• **Exercise goal**: The records appear below. Copy each one exactly.

Stored items from a collection:
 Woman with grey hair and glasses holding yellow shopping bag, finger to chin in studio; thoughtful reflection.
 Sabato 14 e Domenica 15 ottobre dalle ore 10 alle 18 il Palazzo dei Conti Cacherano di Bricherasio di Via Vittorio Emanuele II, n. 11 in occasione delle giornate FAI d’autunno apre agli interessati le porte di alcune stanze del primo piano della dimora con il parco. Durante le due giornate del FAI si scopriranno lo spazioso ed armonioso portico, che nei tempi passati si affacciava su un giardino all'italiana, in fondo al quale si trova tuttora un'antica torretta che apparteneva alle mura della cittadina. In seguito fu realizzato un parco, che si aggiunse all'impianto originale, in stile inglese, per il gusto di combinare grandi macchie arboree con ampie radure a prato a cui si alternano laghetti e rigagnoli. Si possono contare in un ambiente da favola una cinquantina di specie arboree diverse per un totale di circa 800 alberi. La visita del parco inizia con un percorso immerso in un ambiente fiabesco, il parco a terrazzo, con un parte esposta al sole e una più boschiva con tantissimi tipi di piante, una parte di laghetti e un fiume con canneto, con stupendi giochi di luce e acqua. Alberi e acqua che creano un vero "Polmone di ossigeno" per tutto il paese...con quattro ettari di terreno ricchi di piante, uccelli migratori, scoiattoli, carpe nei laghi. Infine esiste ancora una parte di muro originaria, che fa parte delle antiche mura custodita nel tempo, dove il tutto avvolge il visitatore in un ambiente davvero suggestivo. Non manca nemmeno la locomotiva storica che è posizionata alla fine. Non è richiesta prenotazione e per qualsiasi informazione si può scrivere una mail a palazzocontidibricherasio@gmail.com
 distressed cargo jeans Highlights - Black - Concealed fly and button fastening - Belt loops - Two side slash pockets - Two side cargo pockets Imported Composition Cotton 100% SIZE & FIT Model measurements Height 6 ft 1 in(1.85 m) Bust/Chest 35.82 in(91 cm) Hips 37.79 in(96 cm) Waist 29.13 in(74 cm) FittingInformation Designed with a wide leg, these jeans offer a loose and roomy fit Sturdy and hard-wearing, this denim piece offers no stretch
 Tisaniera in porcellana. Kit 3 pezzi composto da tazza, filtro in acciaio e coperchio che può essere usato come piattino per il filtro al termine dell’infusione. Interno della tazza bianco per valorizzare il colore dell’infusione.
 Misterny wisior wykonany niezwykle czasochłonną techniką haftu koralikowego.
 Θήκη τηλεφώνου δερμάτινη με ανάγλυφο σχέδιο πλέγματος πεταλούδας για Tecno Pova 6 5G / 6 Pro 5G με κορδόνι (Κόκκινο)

• **Finished task**:
 Woman with grey hair and glasses holding yellow shopping bag, finger to chin in studio; thoughtful reflection.
 Sabato 14 e Domenica 15 ottobre dalle ore 10 alle 18 il Palazzo dei Conti Cacherano di Bricherasio di Via Vittorio Emanuele II, n. 11 in occasione delle giornate FAI d’autunno apre agli interessati le porte di alcune stanze del primo piano della dimora con il parco. Durante le due giornate del FAI si scopriranno lo spazioso ed armonioso portico, che nei tempi passati si affacciava su un giardino all'italiana, in fondo al quale si trova tuttora un'antica torretta che apparteneva alle mura della cittadina. In seguito fu realizzato un parco, che si aggiunse all'impianto originale, in stile inglese, per il gusto di combinare grandi macchie arboree con ampie radure a prato a cui si alternano laghetti e rigagnoli. Si possono contare in un ambiente da favola una cinquantina di specie arboree diverse per un totale di circa 800 alberi. La visita del parco inizia con un percorso immerso in un ambiente fiabesco, il parco a terrazzo, con un parte esposta al sole e una più boschiva con tantissimi tipi di piante, una parte di laghetti e un fiume con canneto, con stupendi giochi di luce e acqua. Alberi e acqua che creano un vero "Polmone di ossigeno" per tutto il paese...con quattro ettari di terreno ricchi di piante, uccelli migratori, scoiattoli, carpe nei laghi. Infine esiste ancora una parte di muro originaria, che fa parte delle antiche mura custodita nel tempo, dove il tutto avvolge il visitatore in un ambiente davvero suggestivo. Non manca nemmeno la locomotiva storica che è posizionata alla fine. Non è richiesta prenotazione e per qualsiasi informazione si può scrivere una mail a palazzocontidibricherasio@gmail.com
 distressed cargo jeans Highlights - Black - Concealed fly and button fastening - Belt loops - Two side slash pockets - Two side cargo pockets Imported Composition Cotton 100% SIZE & FIT Model measurements Height 6 ft 1 in(1.85 m) Bust/Chest 35.82 in(91 cm) Hips 37.79 in(96 cm) Waist 29.13 in(74 cm) FittingInformation Designed with a wide leg, these jeans offer a loose and roomy fit Sturdy and hard-wearing, this denim piece offers no stretch
 Tisaniera in porcellana. Kit 3 pezzi composto da tazza, filtro in acciaio e coperchio che può essere usato come piattino per il filtro al termine dell’infusione. Interno della tazza bianco per valorizzare il colore dell’infusione.
 Misterny wisior wykonany niezwykle czasochłonną techniką haftu koralikowego.
 Θήκη τηλεφώνου δερμάτινη με ανάγλυφο σχέδιο πλέγματος πεταλούδας για Tecno Pova 6 5G / 6 Pro 5G με κορδόνι (Κόκκινο)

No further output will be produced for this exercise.